De Guzman added that the CCC resolution is an affirmation of the government’s resolve to mainstream low-carbon development pathway, in accordance with the country’s commitment under the United Nations Framework Convention on Climate Change (UNFCCC) and its intended nationally determined contribution (INDC).

Meanwhile, the Center for Energy, Ecology and Development, led by its convener Gerry Arances, said the move is a welcome development and may, in fact, be a legacy of Mr. Aquino, whose six-year term will officially end on June 30.
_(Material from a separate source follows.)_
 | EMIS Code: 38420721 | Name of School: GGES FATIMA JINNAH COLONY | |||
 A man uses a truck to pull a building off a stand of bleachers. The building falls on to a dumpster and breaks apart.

“While it might be late, dahil ang tagal nang demand ito, we are still lauding this move by the President for heeding the call of communities and various sectors in finally leaving behind a legacy of starting the shift to clean and renewable energy,” Arances said.

Arances further challenged President Aquino to order the DOE and the DENR to halt all permitting processes and do the necessary review and corresponding interventions to upscale accessible, affordable and safe RE systems in the country.
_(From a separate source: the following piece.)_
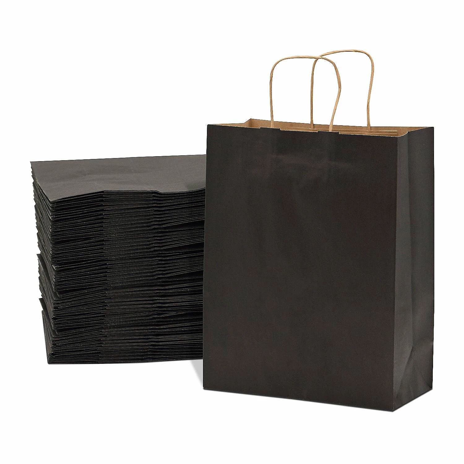 CONSTRUCTION: These bags are made from 100% recyclable black Kraft paper. Each bag measures 10″” wide, 5″” deep, and 13″” tall. There are 50 pieces per pack. All the bags are made of high-quality Kraft paper so they are sturdy and durable. These bags are the perfect option for creative gift-giving to your friends, for business uses, as restaurant bags, hold party favors, or use as shopping bags.

In October last year, the Philippines submitted during the Conference of the Parties to the UNFCCC its INDC, promising to reduce the country’s GHG emissions by 70 percent by 2030.

The INDC is subject to support provided by developed countries.

The reductions will come from the energy, transport, waste, forestry and industry sectors.

As a member of the UNFCCC, the Philippines supported the adoption of the global climate accord reached in Paris, France, in December last year. Last month in New York, President Aquino—through Environment Secretary Ramon JP Paje—signed the Paris Agreement in behalf of the Philippines, on the recommendation of the Cabinet Cluster on Climate Change Adaptation and Mitigation.

“Philippine climate ambition is predicated on changing our energy pathways that ensure we send the right policy signals to the investment community and generate jobs for the modern economy,” de Guzman said.

He said an urgent review of the government’s energy policy is necessary given the growing number of new coal-power plants in the country and the global demand for drastic GHG emission reductions to achieve the primary goal of the new global climate deal reached in Paris last year, which is to limit global warming to 1.5 degrees Celsius.

“We must aim for nothing less than the transformation of the Philippine economy with a low carbon-energy development pathway,” he added.